Regarding the infinite loop: wouldnt the (\w+) in the regular expression would result in the while loop evaluating to zero once the last word in the string is read.
Charles
08-12-2006, 04:23 PM
Upon closer inspection that part works but it's very ineficient, kind of like using 10*10 instead of 100. What it does is match the first one or more word characters and then all other character but a new line.
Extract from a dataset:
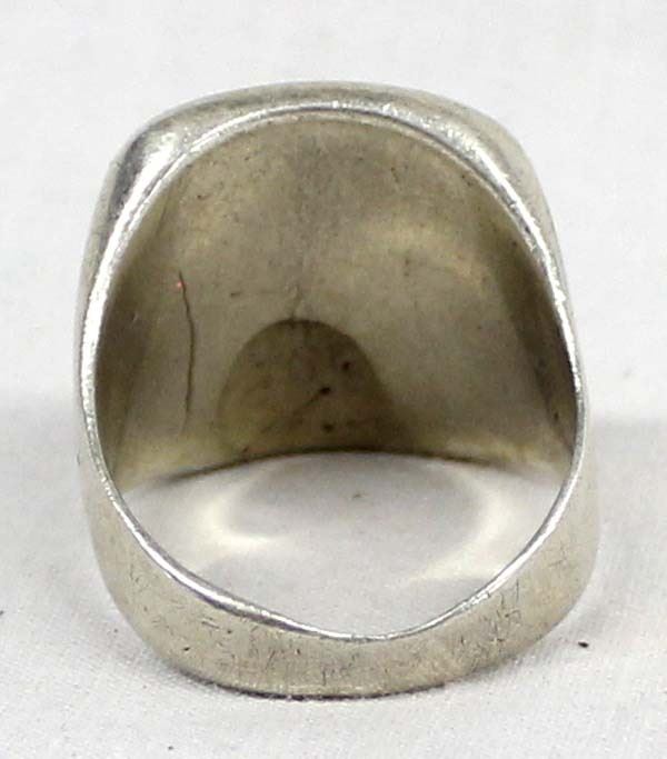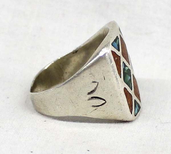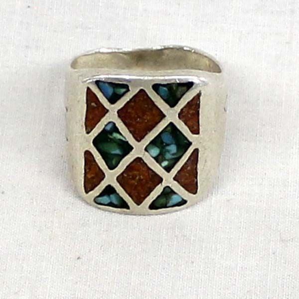 Vintage Native American Navajo Sterling & Chip Inlay Turquoise and Coral Ring, Size 9, measures 7/8'' x .75''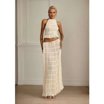 YISHATIER Women's Sheer Sets Backless Halter Tank Top and Pleated Retro Tulle Chiffon Maxi Skirt Sets See-through (M,Medium)

The first one or more word characters are assigned to $1 and the rest of the line to $2. Then the whole line is replaced by $2 and $1 you play with.
A less ineficient method would be to use $word_hash {$1}++ while ($line =~ s/(\w+)//).
Even less would be $word_hash {$_}++ for ($line =~ m/\w+/g);.
StuPeas
08-13-2006, 08:14 AM
Thanxs again.
Your answer has risen some questions in my head about how Perl reads expressions (in what order). Since the code you sent was not an assignment, then i am guessing that it is read from left to right. If this is so then wouldnt the first backreference ($1) contain a random value from a previous match that would then be stored in our hash.
Obviously this value would not be part of our string (I say obviously, but this is pure guesswork on my part)
I may post this as another thread later as i have to go and visit a freind in hospital right now.
THANX again for your time spent on an inquisitive newbe Charles. :)
Charles
08-14-2006, 07:00 AM
Sometimes Perl is evaluated left to right, and sometimes right to left.